Parmi les invités les réactions sont très favorables. Ségolène Neuville, Secrétaire d’État chargée des Personnes handicapées et de la Lutte contre l’exclusion, était présente et a déclaré avoir fait un voyage comme quand on va voir un bon film, et que cette expérience, très sensorielle, finalement lui semble assez naturelle. Bref elle se dit prête à retenter l’expérience. Serge Moati, célèbre journaliste et réalisateur français, dit avoir vécu un moment très fort, car ce n’est pas seulement un film, mais c’est surtout un bon film qu’il a imaginé dans sa tête et qu’il voyait Louis Braille, bercé par la voix de Jean Musy, une voix de poète. Je ne savais pas qu’on pouvait pleurer sous un bandeau avoua-t-il très ému, ajoutant Une barrière a été franchie entre mon monde à moi et celui des non-voyants. Beaucoup d’émotion aussi pour Vincent Michel, président de la Fédération des Aveugles de France, qui en profita pour rappeler que les aveugles continuent d’être exclus de la société et continuent de subir des discriminations notamment à l’ère du numérique. Ainsi le budget qui permettrait le financement des projets permettant aux aveugles de France d’avoir accès à internet ne serait même pas le budget du PSG, ni même le salaire de Zlatan. Enfin, Chantal Rubio, Présidente de l’association Pourquoi Pas Moi, nous a raconté le jour elle a vu débouler Anne-Marie David dans son bureau, et comment le dynamisme et la volonté d’Anne-Marie l’ont convaincue de participer à l’aventure, persuadée du bien-fondé du concept de Mon Cinéma Sans Image.

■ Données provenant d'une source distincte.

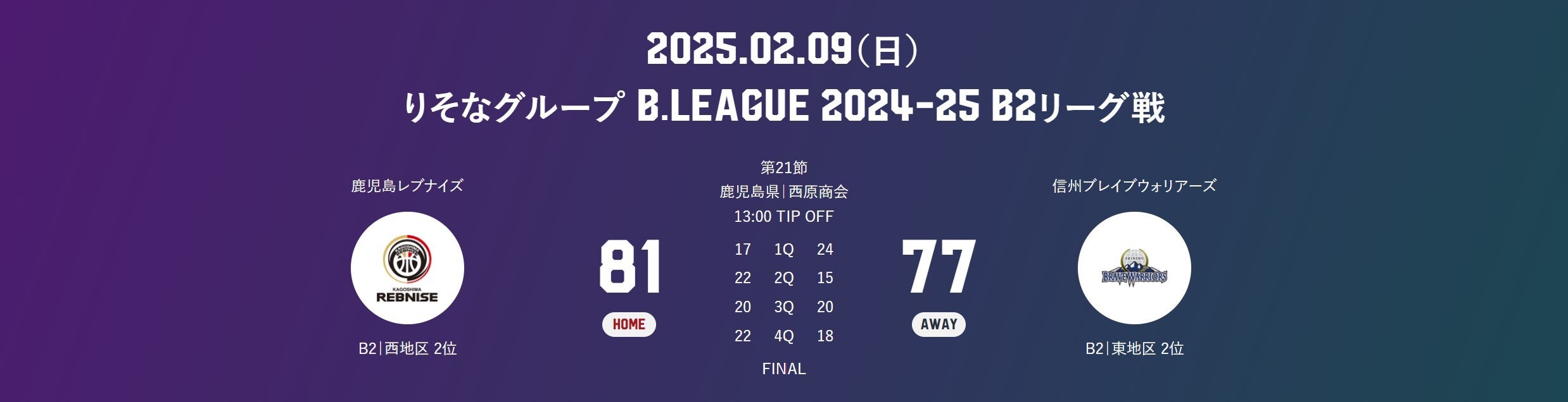 WIN!WIN!WIN!りそなグループ B.LEAGUE 2024-25シーズン 第21節(2/9)試合結果のお知らせ

Dans un court entretien Anne-Marie David nous a confié qu’il y a eu un avant, il y aura un après, et il y aura une vraie suite, parce que tous les partenaires du projet sont prêts à nous aider, et à faire découvrir ce cinéma très particulier, ce cinéma des non- voyants qui nous invitent dans leur cinéma, et non plus l’inverse. Ce n’est qu’un début.

Plusieurs dates sont annoncées. Troyes, le 5 novembre, et le même mois le festival du cinéma d’Aubenas, puis Saint-Priest en janvier, et le festival de Luchon en février. Ce que je veux, dit Anne-Marie, c’est que les gens me contactent et me disent qu’ils veulent tenter l’expérience avec nous. Mais surtout Anne-Marie souhaite que ce soit un cinéma mixte, avec des voyants et des non-voyants, parce que l’expérience et l’échange sont bien plus forts lorsque les deux formes de vision se confrontent, mais dans le partage. La force du cinéma sans image s’est de savoir comment votre voisin non voyant a vu le film ajoute-t-elle. Il y a cette notion, on est tous quelque part un jour un handicapé de quelque chose, les non-voyants avec notre cinéma à nous gens ordinaires, voyants, et nous les gens ordinaires quand nous devenons handicapés dans le cinéma des personnes non-voyantes conclut-elle.